[Extracted records]
*** Block opens ***

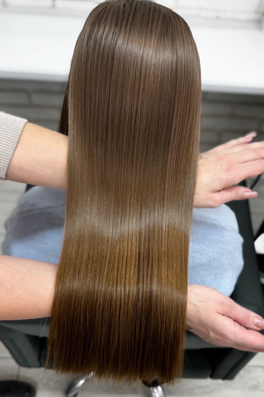 - кератиновое выпрямление/ботокс для тонких, славянских, обесцвеченных волос:
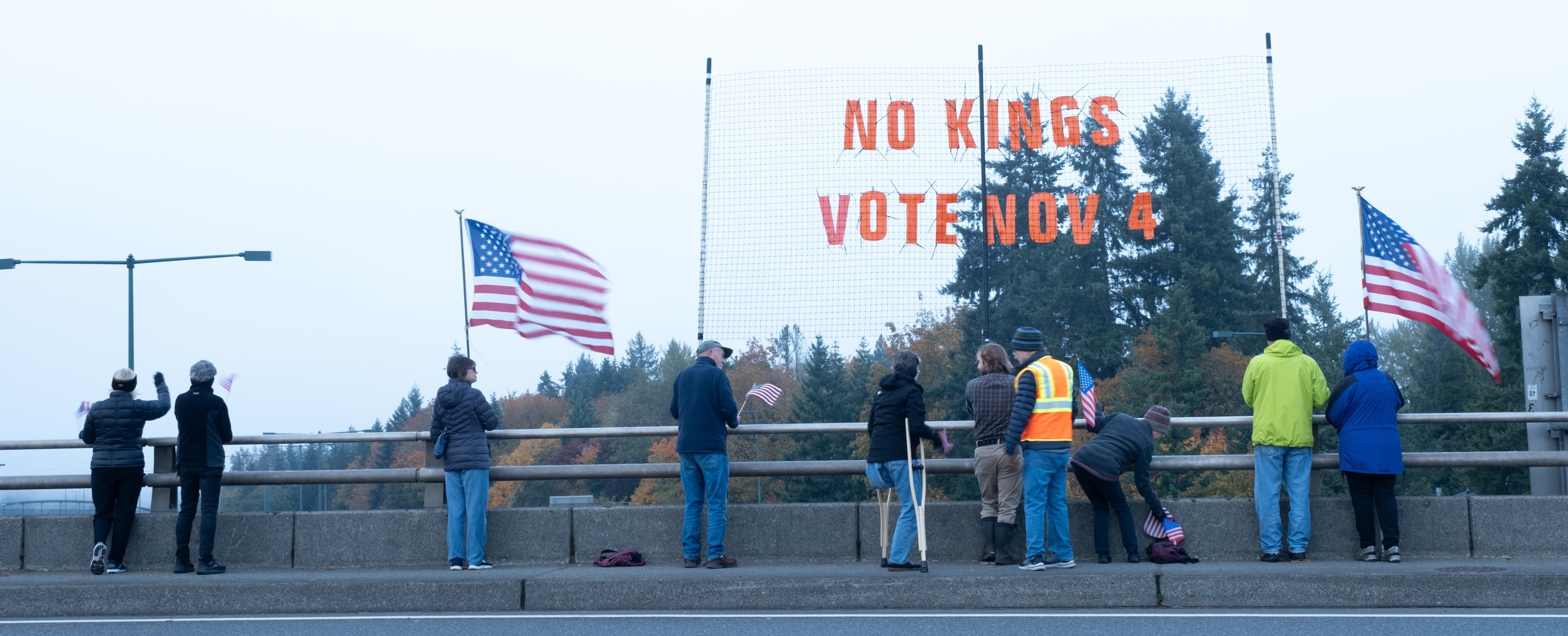 Kirkland Bannering Crew showing their spirit for No Kings & the Nov.04 vote. Well done everyone!
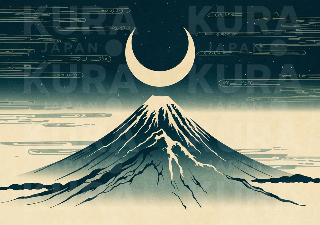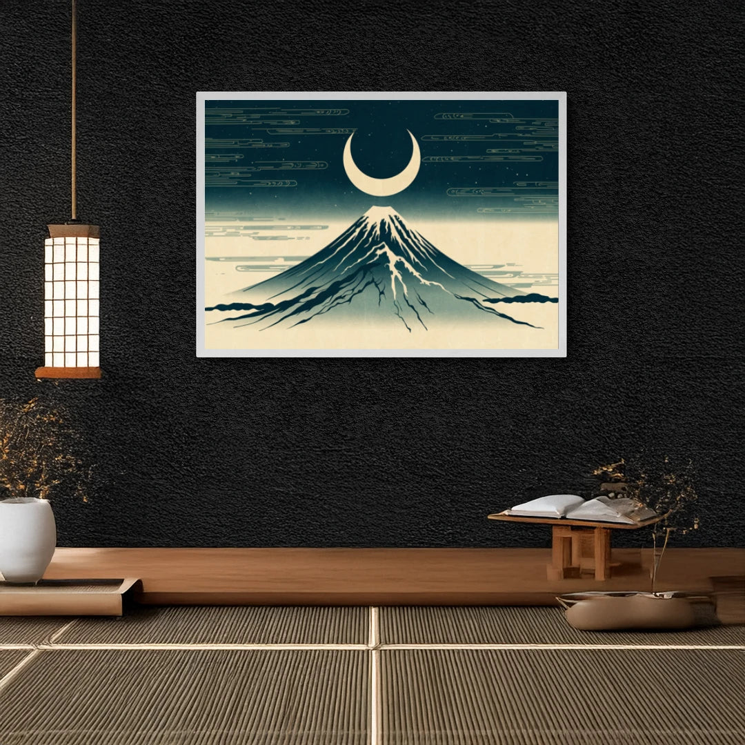 L’affiche Mont Fuji Lune s’inspire de la majesté du Mont Fuji, symbole intemporel du Japon et source d’inspiration pour les artistes depuis des siècles. Cet art illustre l’harmonie entre la nature et le temps, incarnée par le croissant de lune surplombant le sommet enneigé. Ce contraste subtil entre l’obscurité de la nuit et la sérénité du paysage rappelle l’esthétique wabi-sabi, célébrant la beauté de l’imperfection et de l’éphémère.
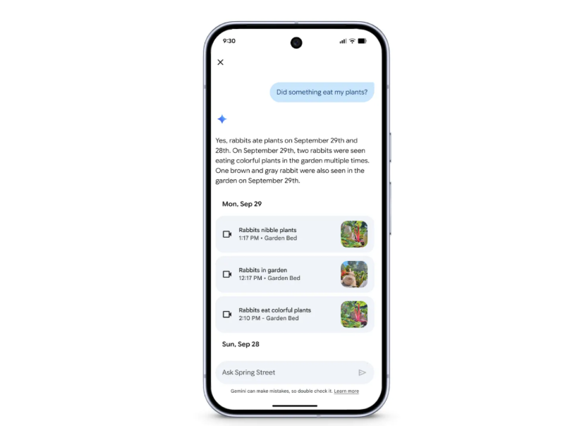 「Homeに相談」を使えば自然な言葉で数日分の動画履歴を検索可能。スピーカーやディスプレイに話しかけるほか、Google Homeアプリでテキスト入力でも確認できます。「植物を何かに食べられた?」と尋ねるだけで、関連する映像クリップが表示。自宅監視用途にぴったりですね。
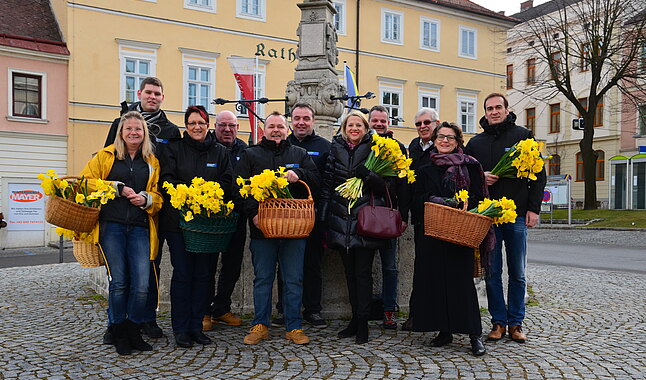 Das Team der VP-Stadtpartei Hainburg verteilte zum Valentin gelbe Narzissen an ihre Bürgerinnen und…
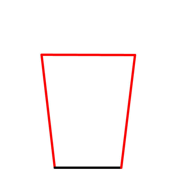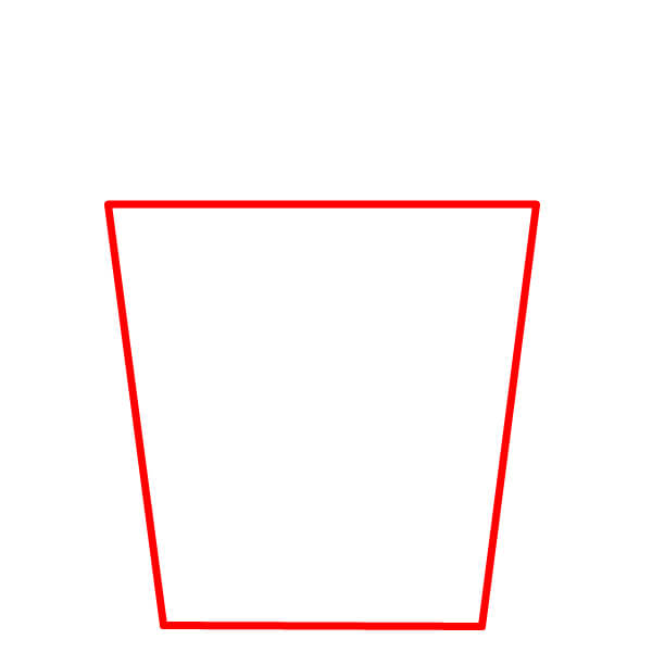 Aloita piirtämällä popcorn-ämpärin perusmuoto. Sen pitäisi näyttää puolisuunnikkaalta, jossa on tasainen pohja ja hieman leveämpi aukko yläosassa.
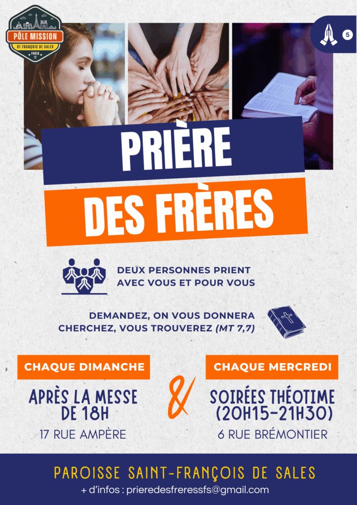La prière des frères est la réponse concrète à cette invitation de Jésus à intercéder les uns pour les autres. Un binôme de priants, formés et accompagnés par un prêtre de la paroisse, vous accueille pour présenter votre intention au Seigneur, prier avec vous et laisser l’Esprit Saint agir. Concrètement, vous pouvez les retrouver le dimanche soir après la messe de 18h, le mercredi soir durant les soirées Théotime et pendant les missions annuelles.
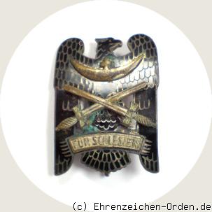Dieses Ehrenzeichen mit Schwertern wurde nach Ausbruch des 3. Polnischen Aufstandes eingeführt. Der Schlesische Adler wurde nun entgegen der ersten Verleihungsserie nicht mehr als Bewährungsabzeichen verliehen sondern als Tapferkeitsauszeichnung. Da viele Kämpfer bereits den Schlesischen Adler von 1918/19 besaßen wurde es notwendig eine besondere Zusatzdekoration einzuführen. Generalleutnant a.D. Höfer stiftete dazu das Eichenlaub. Die Gruppen Nord und Süd verliehen dann eigenmächtig die Schwerter zum Schlesischen Adler um den Tapferkeitscharakter auszudrücken. Die Zentralleitung des S.S.O.S. hat anfangs nur das Eichenlaub verliehen. Später wurden auch Schwerter verliehen. In der Folge entstanden viele Variationen des Schlesischen Adlers, die aber keine Abstufung oder Klasseneinteilung darstellen. Beide Klassen wurden mit Schwertern, mit Eichenlaub oder mit Eichenlaub und Schwertern getragen. Da das Ehrenzeichen wie bisher vom Beliehenen selbst zu bezahlen war, existieren viele verschiedene Ausführungen von unterschiedlichen Herstellern. Der Entwurf des Ehrenzeichens stammte vom breslauer Bildhauer Prof. Theodor von Gosen. Es wurde an alle Kämpfer vergeben, die in den Jahren 1918 und 1919 bei der Verteidigung der schlesischen Heimat beteiligt waren. Diese Auszeichnung bestand aus 2 Klassen. Die 2.Klasse für 3 Monate Dienst und die 1.Klasse für 6 Monate Dienst in dieser Einheit. Im Jahr 1933 wurde der „Schlesische Adler“ in seiner ursprünglichen Form, ohne Schwerter und Eichenlaub, als staatliche Auszeichnung anerkannt. Abweichende Formen unterlagen dem Trageverbot. Eine genaue Verleihungszahl der beiden Klassen ist nicht bekannt. Es sollten aber mehrere tausend Ehrenzeichen beider Klassen verliehen worden sein. Der Schlesische Adler darf auch in der Bundesrepublik Deutschland weiter getragen werden. Quelle: Ingo G. Haarcke, Die Auszeichnungen der deutschen Freikorps und Freiwilligentruppen 1918 – 1921 und ihrer Nachfolgeorganisationen, 2019.
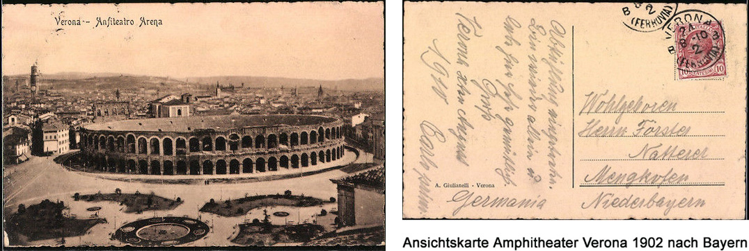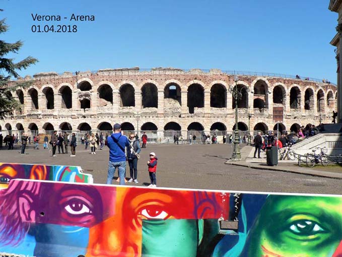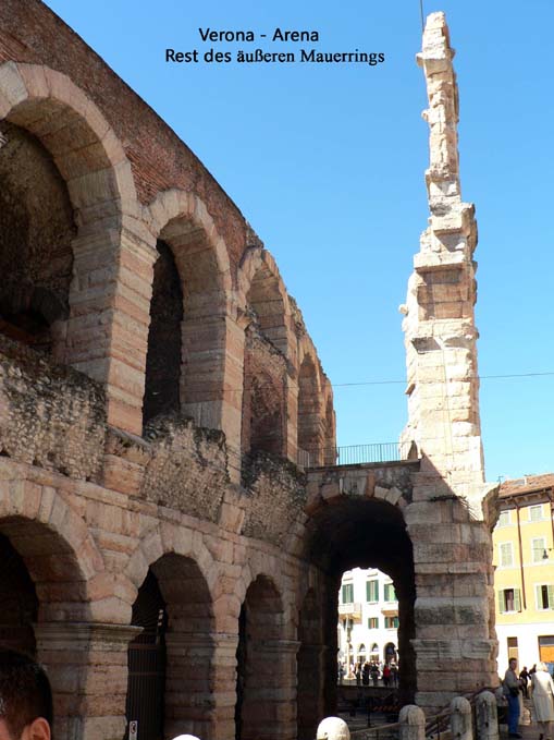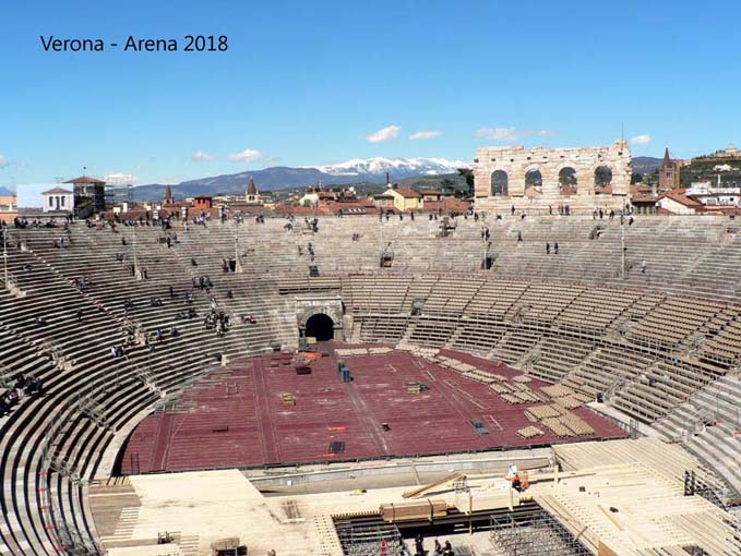 Das ursprünglich dreigeschossige Amphitheater wurde in der frühen Kaiserzeit errichtet und konnte etwa 30.000 Zuschauer aufnehmen. Die Außenmaße des Bauwerks betragen ca. 152 x 123 m, die Arena mißt 76 x 44 m. Von den ca. 300 Amphitheatern im Römischen Reich belegte Verona im Größen-Ranking den 8. Platz, in Italia hinter Rom, Capua und Mailand den 4. Platz. Auch in nach-antiker Zeit war die Arena ein kulturelles Zentrum und ist deshalb sehr gut erhalten.
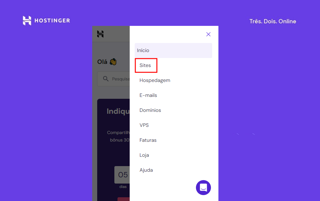 4. Siga as etapas exibidas e selecione Criador de Sites da Hostinger com IA.
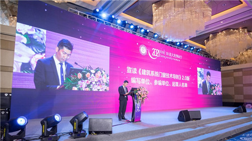 系統門窗專家委員會副主任、廣東皇派定制家居集團股份有限公司總工程師周譜峰宣讀了《建筑系統門窗技術導則》2.0版編寫單位、參編單位、起草人名單,共有91家單位、84位行業專家參加的編寫工作。
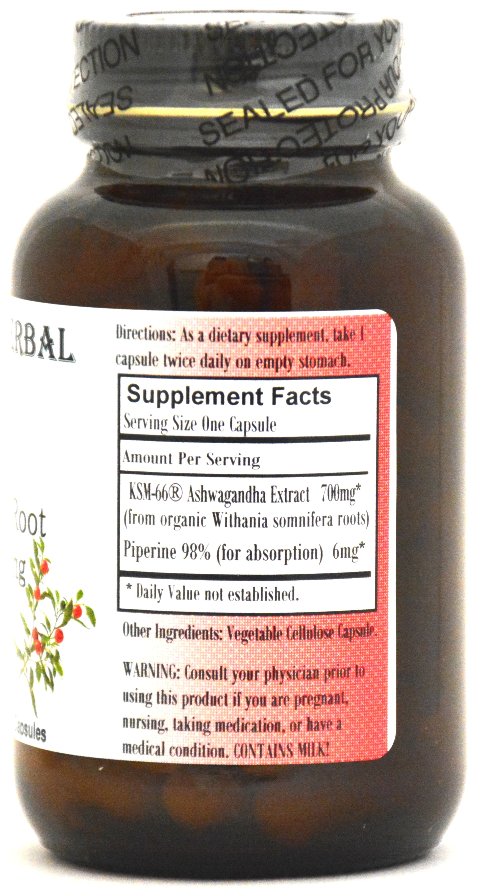 KSM-66 Ashwagandha Extract – 5% Withanolides by HPLC – 60 700mg VegiCaps – Stearate Free, Bottled in Glass! FREE SHIPPING on orders over $49!
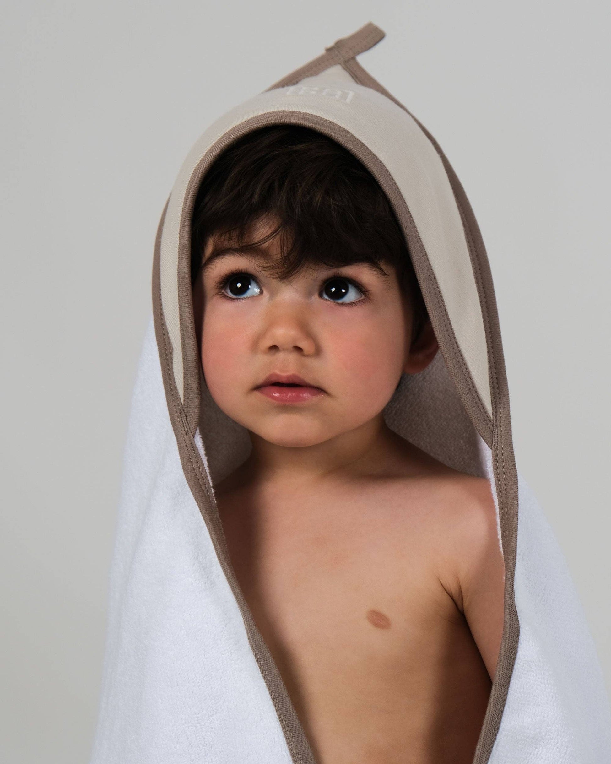 - Babu organic terry hooded baby towel is made from soft and absorbent terry towelling and trimmed with coloured cotton rib and stitching. Babu bathing range is gentle on little faces and bodies. Perfect for bundling up baby after a bath.
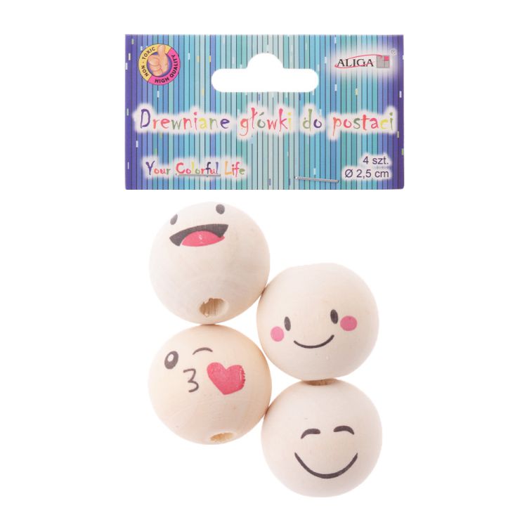Dřevěné hlavičky s obličejem a vlasy pro vytvoření různých postav.
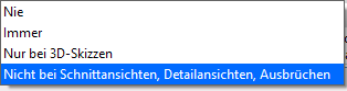 Die Darstellung des Rasterbezugs beim Erstellen von Skizzen und 3D-Skizzen mit dem Skizzierer lässt sich im Konfigurationsmanagement einstellen unter Systemeinstellungen > Skizzen und dort im Bereich Darstellung des Rasterbezugs.

*** Block closes ***

■ **WORK INSTRUCTIONS**
Would you set down only the lines above from the line with "L’affiche Mont Fuji" to the line with "Aloita piirtämällä popcorn-ämpärin", both included, exactly as they stand and without the pictures?

■ **WRITTEN REPLY**
 L’affiche Mont Fuji Lune s’inspire de la majesté du Mont Fuji, symbole intemporel du Japon et source d’inspiration pour les artistes depuis des siècles. Cet art illustre l’harmonie entre la nature et le temps, incarnée par le croissant de lune surplombant le sommet enneigé. Ce contraste subtil entre l’obscurité de la nuit et la sérénité du paysage rappelle l’esthétique wabi-sabi, célébrant la beauté de l’imperfection et de l’éphémère.
 「Homeに相談」を使えば自然な言葉で数日分の動画履歴を検索可能。スピーカーやディスプレイに話しかけるほか、Google Homeアプリでテキスト入力でも確認できます。「植物を何かに食べられた?」と尋ねるだけで、関連する映像クリップが表示。自宅監視用途にぴったりですね。
 Das Team der VP-Stadtpartei Hainburg verteilte zum Valentin gelbe Narzissen an ihre Bürgerinnen und…
 Aloita piirtämällä popcorn-ämpärin perusmuoto. Sen pitäisi näyttää puolisuunnikkaalta, jossa on tasainen pohja ja hieman leveämpi aukko yläosassa.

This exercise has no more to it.